Батальонные девушки не принадлежали к той десятой части человечества, которая осудила бы Марфу. Все, как одна, они совершенно поняли ее.
— Кошмар какой! — сказала толстая, большая Надежда Колесникова, бывшая торфушка. — Да я бы померла на такой «точке»! Мыши! А?
И все согласились, что это действительно «кошмар». Немцы — что; немцы — полстраха; а вот мыши...
Все эти девушки до одной были хорошими Марфиными подругами. Но всё же все они оставались девушками. Их обрадовало, когда в непонятной для них героической и бесстрашной Хрусталевой вдруг открылась совсем понятная, близкая и даже смешная немного черта. Как ее утаишь от незнающих?
К вечеру, неведомо какими путями, историю Марфиного страха знал уже весь батальон. Не девушки только, матросы — вот что ужасно!
Когда Марфа, ничего не подозревая, вошла поужинать в камбуз, ее встретил громкий крик: «Хрусталева! Смотри: крыса! Крыса!»
Вскочив на ближайшую скамью, Марфа завизжала, себя не помня: крыс она боялась совсем уж панически, а ее уменье пронзительно визжать славилось когда-то на три школы района.
Камбуз загромыхал добродушным хохотом. Теперь все знали, как надо дразнить Марфу. Теперь ей предстояло испытать многое. Но, надо сказать, не этим врезался в ее память и навсегда остался в ней тот день. Не этим и даже не двенадцатым сраженным врагом. Совсем другим.
В тот день после ужина в кубрике поднялось волнение: из штаба района пришли две машины с артистами: вечером в большом сарае на окраине деревни состоится концерт!

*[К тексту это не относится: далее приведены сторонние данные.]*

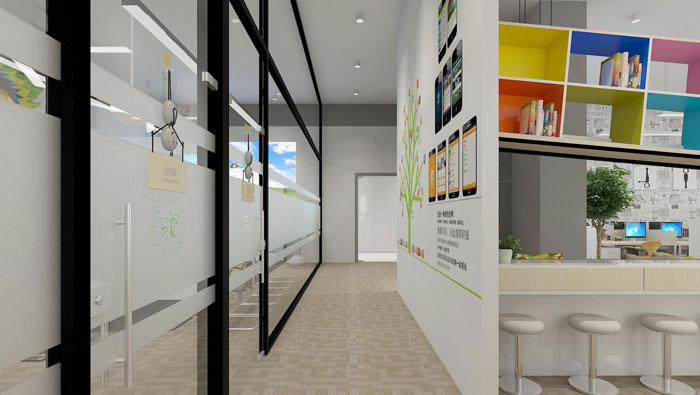 過(guò)道的設(shè)計(jì),設(shè)計(jì)師主要解決的問(wèn)題,就是忽略,由于建筑本身的緣故,過(guò)道的面積顯得擁擠,設(shè)計(jì)師利用形象墻與玻璃隔斷制造一個(gè)忽視空間,讓人忽視空間本身的缺憾。

Марфа обрадовалась концерту: не очень-то тут они бывали замечательными на ее придирчивый вкус, эти фронтовые вечера, но сегодня... Лучше посидеть в тесно набитом сарае, посмотреть на каких-нибудь хоть далеко не первосортных танцорок или акробатов, послушать аккордеон, чем лежать на койке в кубрике и снова видеть перед собой край канавы, белый халат врага и желтое пятно ржавчины, которое потом стало совсем черным. Удивительно всё-таки, — откуда у нее взялась эта способность так метко стрелять?
Когда она, вместе с многими другими бойцами батальона, бежала на закате в сарай, около него, под сосной, стояла странная машина: на взгляд она была обычной «эмкой», но за плечами, как школьник ранец, несла небольшой металлический бачок-бункер. Странно: «эмка», а на дровяном топливе! Что-то новое! Водитель, лежа на брезенте, ковырялся под ее брюхом.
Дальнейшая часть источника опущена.